[Task directions] What is needed is an exact reproduction of the lines in the records below, starting at the line with "DStv Premiership Log 27 April 2022 Posted" and ending at the line with "Com 140 cm de", both included, and nothing else; pictures stay out.

[Given information]
···

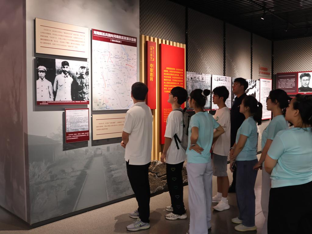 实践团队首站抵达被誉为“小延安”的竹沟革命纪念馆。作为豫南革命根据地的核心阵地,馆内珍藏的泛黄手稿、锈迹斑驳的武器以及逼真的斗争场景复原,生动再现了党领导军民开辟根据地、发动群众英勇抗战的壮阔历史画卷。师生们在此驻足凝思,深刻理解了在民族危亡之际,革命星火何以在党的坚强领导下迅速形成燎原之势,深切感悟到早期共产党人坚定的理想信念和卓越的组织领导力。
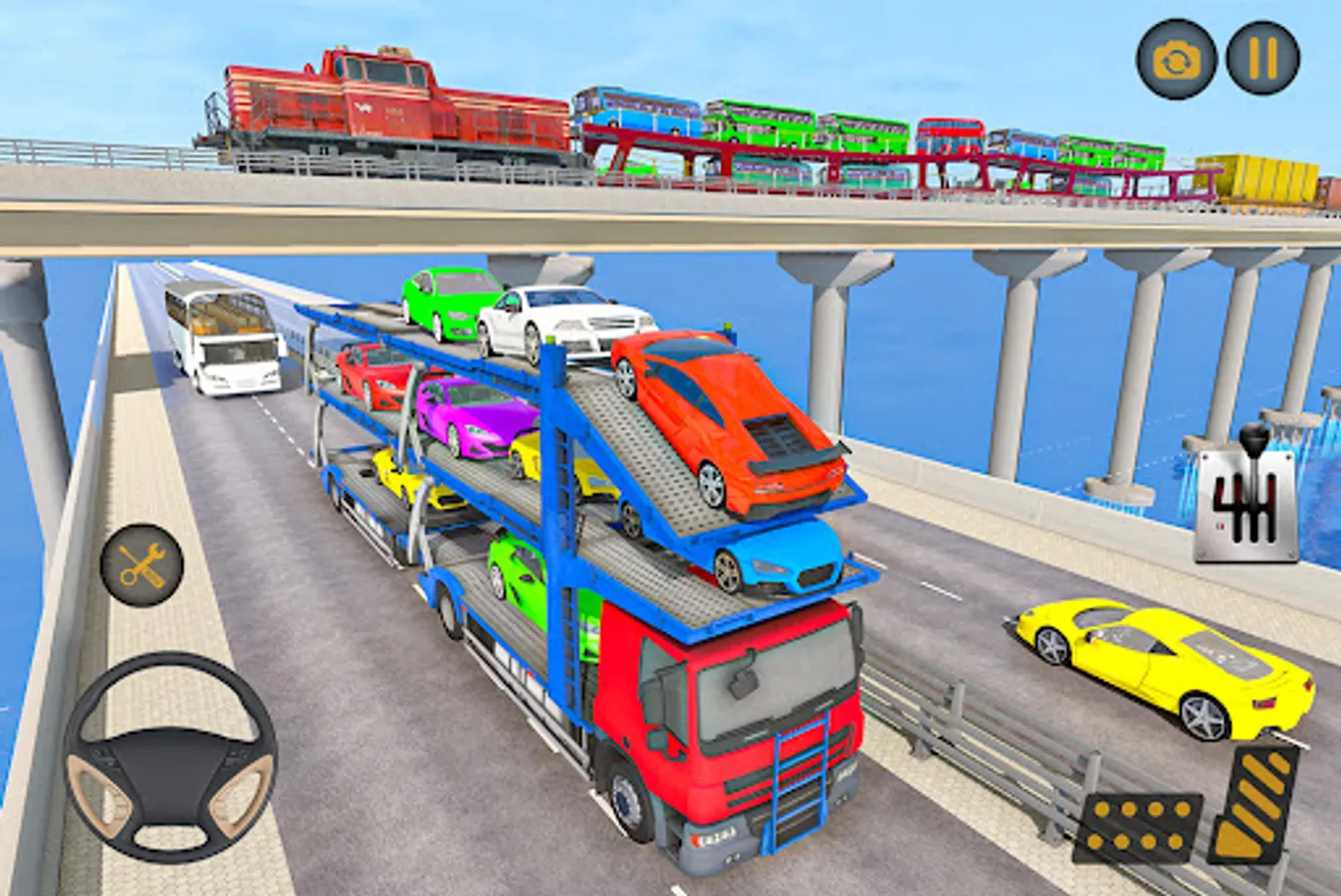 - Multi trucks for vehicle transport purpose in driving truck transport games.
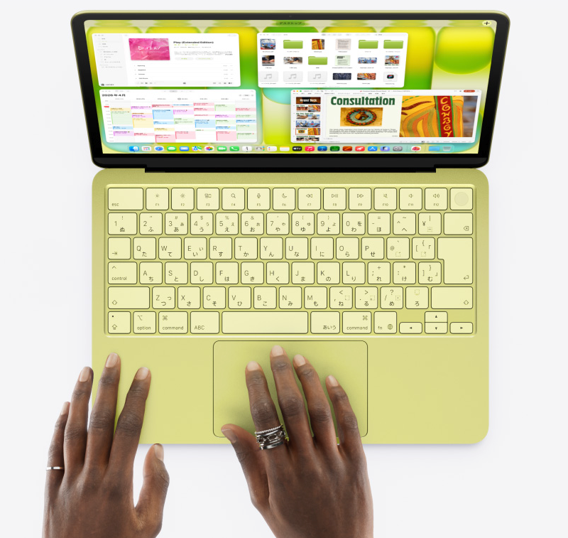 特筆すべきは、チップがここ最近のMac用の「M〜」チップではなく、iPhone16ProやProMaxに採用されていたA18 Proチップ搭載ということ。これにより、低電力・高効率かつ、低価格で提供できるMacBookシリーズが生まれたというわけです。
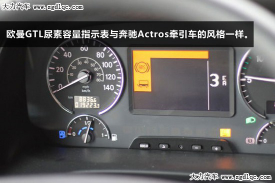 同時奔馳的阿克托斯的尿素液位指示表也采用此種形式,但是奔馳的儀表整體要比歐曼GTL的簡潔的多。
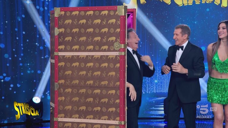 È proprio Mattarella-Ballantini a dare inizio alla quarta puntata di Striscia. Dal baule alle sue spalle escono tutti i protagonisti del tg satirico… o quasi. Vediamo cos'è capitato a Iacchetti
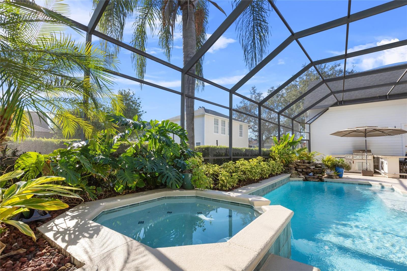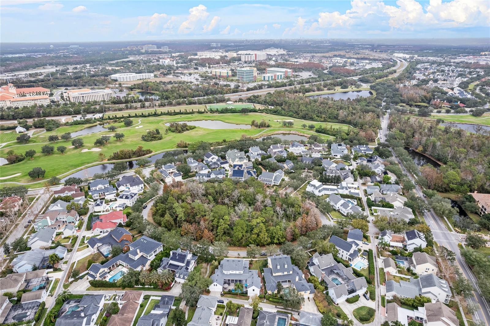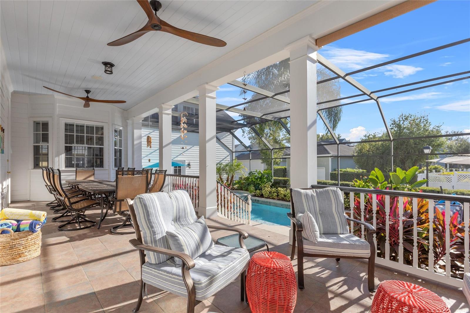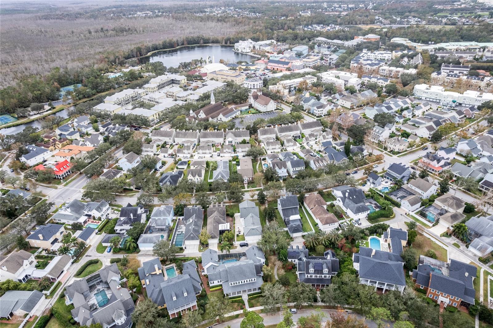 This custom-designed Estate coastal-style home, nestled in the heart of Celebration, Florida is located on one of the most coveted Main Village streets - just steps away from downtown restaurants & shops, and mere minutes from Walt Disney World. This exquisite 5-bedroom, 5.5-bathroom home offers over 5,000 square feet of living space and an array of recent enhancements including: two New Water Heaters (2024), Whole-home Water Softener system, Resurfaced Pool, an Outdoor Kitchen with stunning stone bar, grill, and mini-fridge — perfect for entertaining family and friends. ** BE SURE TO REVIEW THE 3D FLOOR PLAN - INTERACTIVE VISUAL TOUR ** The massive wrap-around Flagstone Porch faces lush conservation with a canopy of Mature Trees on a quiet street. Inside, the open floor plan showcases non-textured painted interiors and gleaming Wood Floors. The bright Chef’s Kitchen is a dream, featuring many new high-end appliances including a double refrigerator, oven (KitchenAid), cooktop and dishwasher (Bosch). Expansive wrap-around bar seating seamlessly connects the kitchen to the family room and eat-in area - with custom built-ins, a Gas Mini-Fireplace and picturesque views of the sparkling south-facing pool. The first-floor Primary Suite is your private retreat just off the family room, offering a sitting area, spa-like bathroom with its six-jet massage and rain shower, Two Walk-in Closets and a convenient stackable washer and dryer. Step directly from your suite to the screened patio and pool area for ultimate relaxation. Upstairs, three spacious bedrooms include a Second Primary Suite with a luxurious bath, and two bedrooms sharing a Jack-and-Jill bathroom. A versatile loft area at the top of the main staircase completes the second floor - perfect for relaxing or gaming. This property also features TWO OVERSIZED GARAGES with built-in shelving, accommodating up to FOUR VEHICLES. Above one garage is a bonus room with wood floors - perfect for an office, media room, or an additional bedroom. Above the other garage sits a studio apartment with private entrances from the pool patio or the garage interior, with a full kitchen, bathroom and closet space —ideal for guests or rental income. The backyard is a true oasis, boasting a Resurfaced Heated pool - with Waterfall and Spa - surrounded by lush landscaping, and an expansive patio with a newly added Outdoor Kitchen and Bar for al fresco dining.
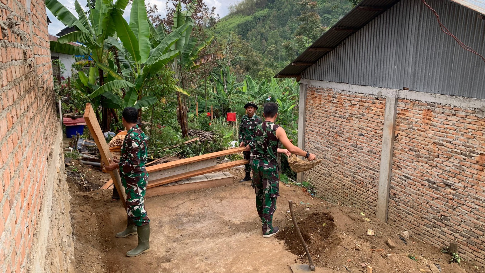 Satgas TMMD Kodim Kerinci Bantu Pemasangan Kayu Rumah Tidak Layak Huni
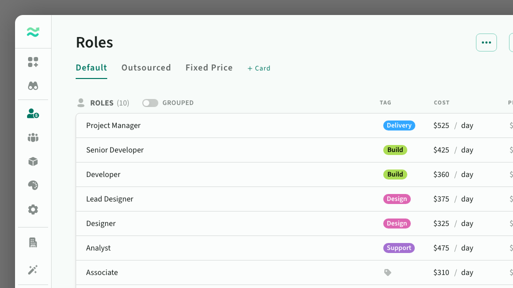 Rate Cards are a specific set of rates (cost, price, margin) for all your roles, targeted to a specific region or cost centre.
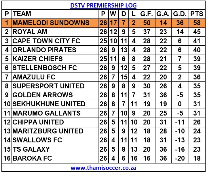DStv Premiership Log 27 April 2022 Posted on 2022-04-272022-04-27 By Thami Mshengu No Comments on DStv Premiership Log 27 April 2022 (Visited 233 times, 1 visits today)Share this:TwitterWhatsAppPrintTumblrLinkedInFacebookTelegramRedditPocket Related Betway Premiership Tags:Mamelodi Sundowns
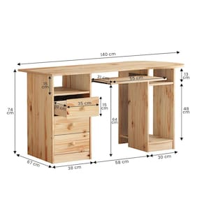 Com 140 cm de largura, oferece generosa área de trabalho para computador, livros e acessórios, enquanto a bandeja retrátil para teclado mantém o tampo livre, garantindo postura confortável e ergonômica.
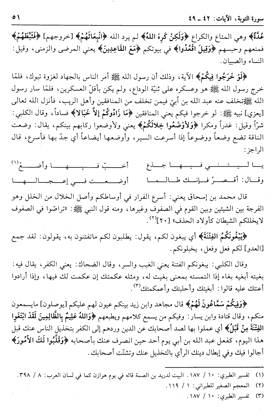 وَفِيكُمْ سَمَّاعُونَ لَهُمْ قال مجاهد وابن زيد بينكم عيون لهم عليكم [يوصلون] ما يسمعون منكم، وقال قتادة وابن يسار: وفيكم من يسمع كلامهم ويطبعهم وَاللَّهُ عَلِيمٌ بِالظَّالِمِينَ لَقَدِ ابْتَغَوُا الْفِتْنَةَ مِنْ قَبْلُ أي عملوا بها لصد أصحابك عن الدين وردهم إلى الكفر بتخذيل الناس عنك قبل هذا اليوم، كفعل عبد الله بن أبي يوم أحد حين انصرف عنك بأصحابه وَقَلَّبُوا لَكَ الْأُمُورَ أجالوا فيك وفي إبطال دينك الرأي بالتخذيل عنك وتشتّت أصحابك.
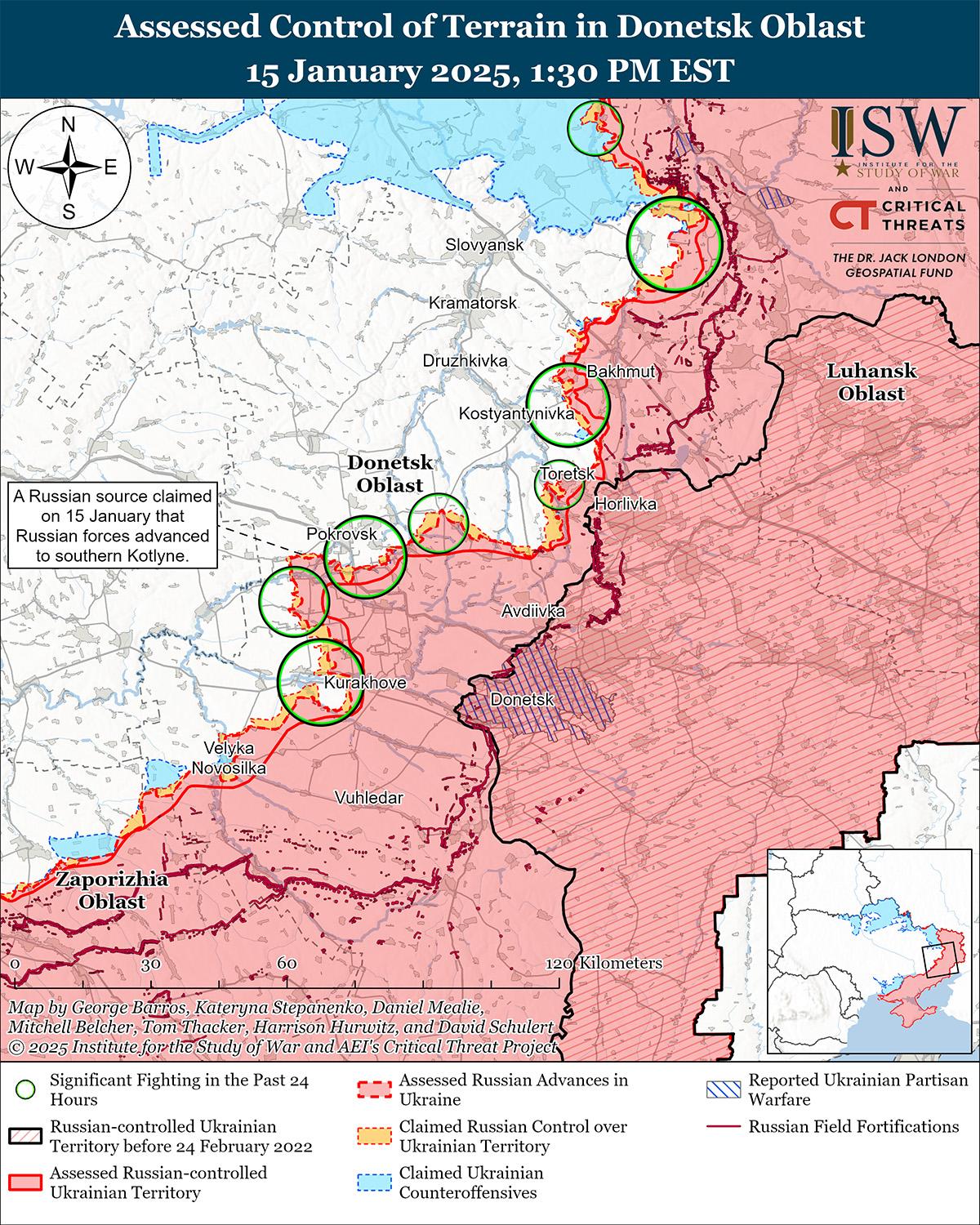 15 января враг продолжил наступательные действия на Покровском направлении, но подтвержденных успехов не достиг. Российские военные блогеры утверждали, что российские войска продвинулись к востоку от Удачного, к северо-западу от Ясеново, к западу от Новоелизаветовки, до восточной части Новосергиевки и Успеновки, а также к югу от Зверево и Котлино (все к юго-западу от Покровска). [41] Однако ISW не обнаружил подтверждения этих заявлений. 15 января Министерство обороны России заявило, что подразделения 80-го танкового полка РФ (90-я танковая дивизия, 41-я ОА, Центральный военный округ) захватили Украинку, хотя, по оценкам ISW, российские войска захватили населенный пункт по состоянию на 27 декабря. [42] Российские войска продолжали наступательные действия под Покровском; северо-восточнее Покровска в районе Новой Полтавки и Тарасовки; к востоку от Покровска в районе Барановки, Новоторецкого, Елизаветовки и Проминя; юго-восточнее Покровска в районе Лысовки; южнее Покровска в районе Нового Труда, Шевченко, Чунышино и Зеленого; к юго-западу от Покровска в районе Зверево, Успеновки, Новоандреевки, Ясеново и Надеждки 14 и 15 января. [43] Заместитель командира украинского батальона, действующего на Покровском направлении, заявил, что российские войска не развертывают оптоволоконные беспилотники в этом районе, потому что у них нет опытных пилотов дронов для управления ими. [44] Украинские военные заявили, что российские войска усиливают удары управляемыми планирующими бомбами и беспилотниками на Покровском направлении из-за благоприятных погодных условий. [45] Украинский военный обозреватель Константин Машовец заявил, что в районе Котлино действуют подразделения российского 433-го мотострелкового полка (27-я мотострелковая дивизия, 2-я ОА, ЦВО) и 55-й и 74-й мотострелковых бригад (41-я ОА); подразделения 35-й мотострелковой бригады (41-я ОА) действуют в районе населенных пунктов Зеленое – Чунышино – Даченское (южнее Покровска); подразделения 589-го и 506-го мсп (27-я мотострелковая дивизия) и 137-й мотострелковой бригады (41-я ОА) действуют в районе Николаевки-Мирнограда (юго-восточнее и восточнее Покровска); подразделения 239-го танкового полка, 428-го стрелкового полка и 87-го стрелкового полка (все 90-я танковая дивизия) действуют в районе Успеновки; части 6-го и 90-го танковых полков, 228-го мотострелкового полка и 67-го стрелкового полка (все 90-я танковая дивизия) действуют в районе Ясеново – Словянка – Петропавловка (юго-восточнее Покровска). [46]

···

[Answer box]
DStv Premiership Log 27 April 2022 Posted on 2022-04-272022-04-27 By Thami Mshengu No Comments on DStv Premiership Log 27 April 2022 (Visited 233 times, 1 visits today)Share this:TwitterWhatsAppPrintTumblrLinkedInFacebookTelegramRedditPocket Related Betway Premiership Tags:Mamelodi Sundowns
 Com 140 cm de largura, oferece generosa área de trabalho para computador, livros e acessórios, enquanto a bandeja retrátil para teclado mantém o tampo livre, garantindo postura confortável e ergonômica.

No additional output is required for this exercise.